January 21, 2026 — 12:00pm
Writer Suzie Miller’s dad was meant to be on the West Gate Bridge the day it collapsed in 1970.
“There was another man there with exactly the same name, so we actually got a call saying that it was my dad, but we knew he wasn’t in Melbourne, so we were confused by that, but also stricken. I remember, as a six-year-old, being terrified about the fact that this had happened,” Miller says.
The story of that momentous event – which resulted in the loss of 35 lives and remains Australia’s worst industrial accident – is revisited in the play West Gate, which premieres at the Melbourne Theatre Company in March.
Miller recently joined the MTC board in something of a coup, given she lives between Sydney and London. The opportunity to work with artistic director Anne-Louise Sarks sealed the deal.
“I see her as one of the really great creative leaders in Australia. There are no women running a major theatre company in Sydney. That’s a big part of it for me, wanting to support a woman’s vision,” Miller says.

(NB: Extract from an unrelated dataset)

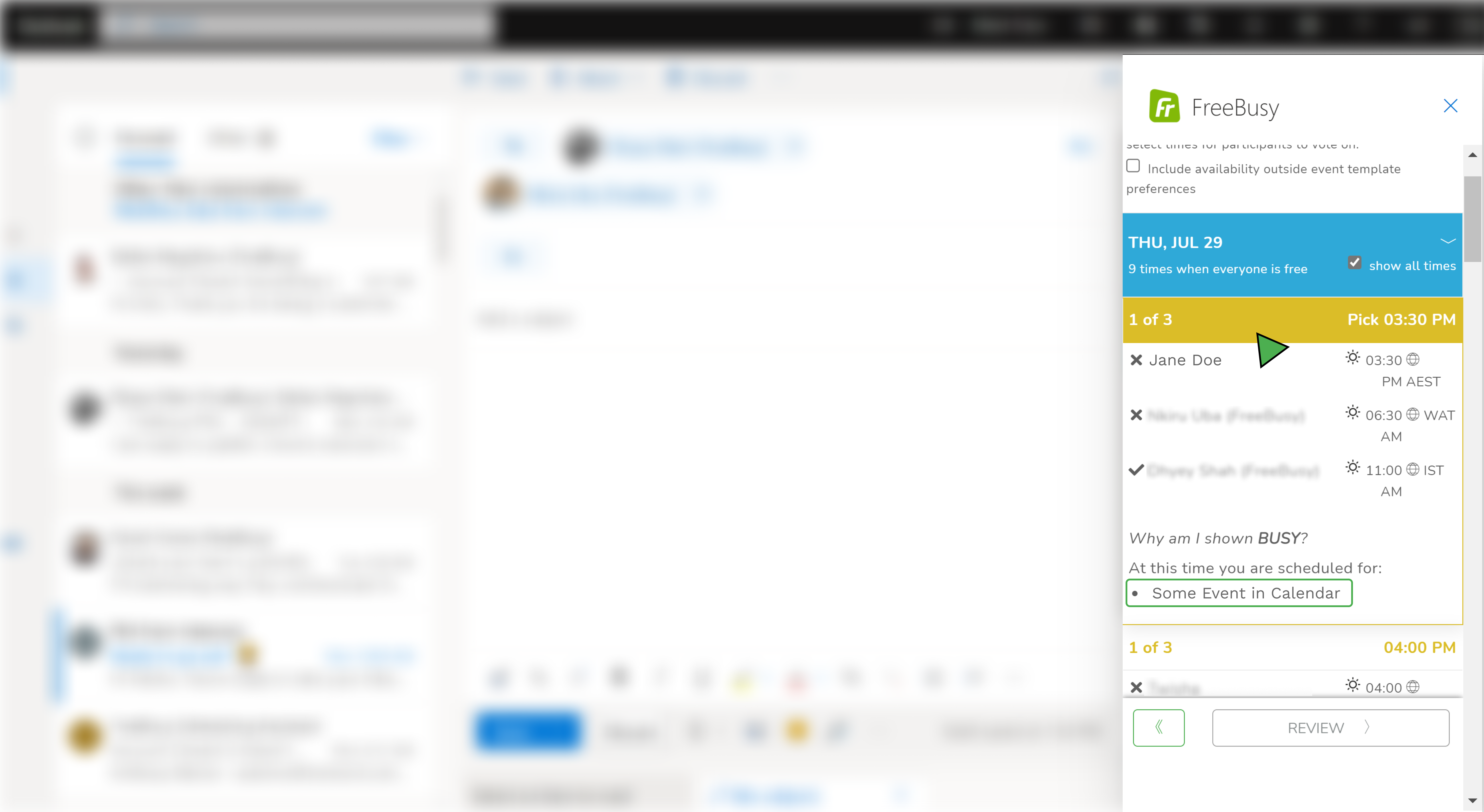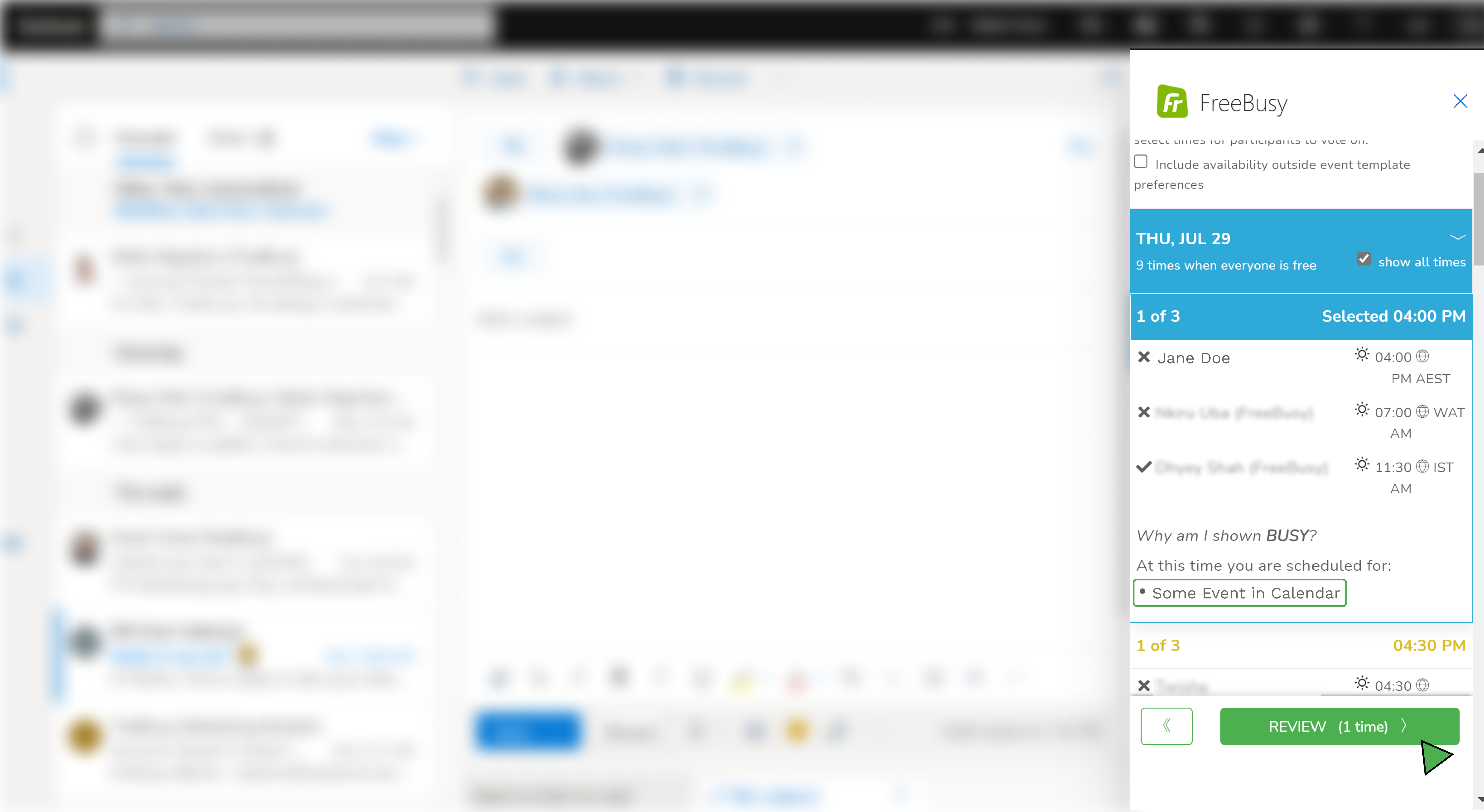 For example, in the screenshot below, Jane is busy at 3:30 PM in "Some Event in Calendar". Since she turned on "show all times" option, she can select and share this time to get booked for meeting.

“Because once you’re up there, you can effect change and you can challenge stereotypes and ways of doing things and bring a fresh approach.”

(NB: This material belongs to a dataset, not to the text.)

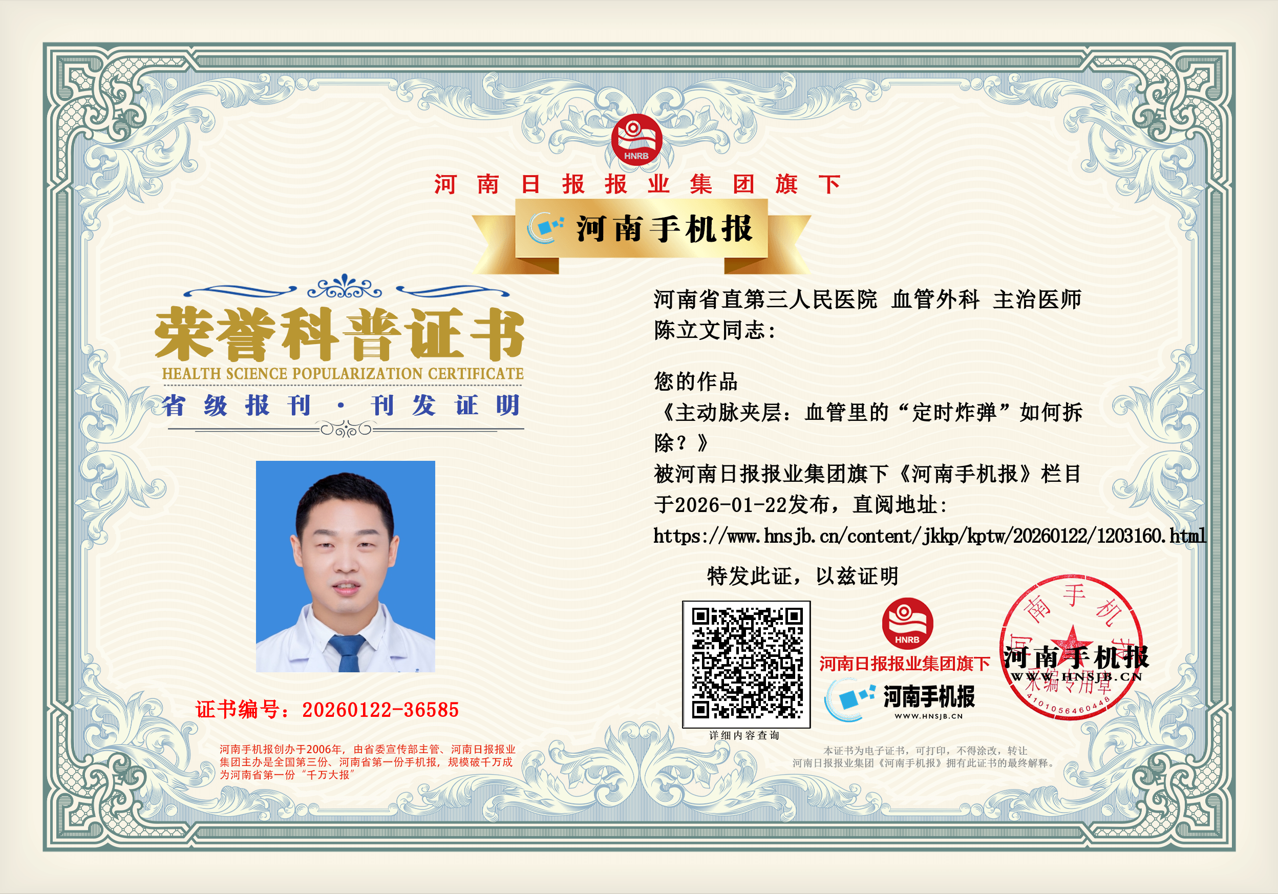 陈立文:主动脉夹层:血管里的“定时炸弹”如何拆除?

Miller describes Sarks as very savvy, thoughtful and dynamic, and the MTC under her guidance as “strongly Australian storytelling and very contemporary”.
“We are now pushing boundaries, we are looking at the way a director actually initiates the show. We’re looking at different cultures. We’re looking at a multicultural, multifaceted Australia, in a capsule of time where democracy is under attack. We’re really taking creative risks.”
Having worked with the Griffin Theatre, the Sydney Theatre Company and more recently the National Theatre in London, Miller is known for her bold writing.
Despite growing up in Melbourne – her parents met at the St Moritz ice-skating rink in St Kilda – she didn’t see MTC shows, or indeed any theatre, when she was young. Her introduction to the genre came later, through St Kilda’s Theatre Works, an organisation her mother championed; it was revelatory.
Part of her remit is to help attract younger, more diverse audiences. “I would love to think that there’s some sort of onus on the way that grandparents ... or parents relate to their children, to buy a subscription and ... think I will have a date with a really wonderful young person six times a year.”
The wonder and depth of live performance was underlined for Miller during COVID lockdowns when it wasn’t allowed.
“Human beings ache to assemble with each other and to be in each other’s company and to sit shoulder to shoulder with strangers and share an emotional mist,” she says, “which is what I call theatre. It is quite an astonishing experience”.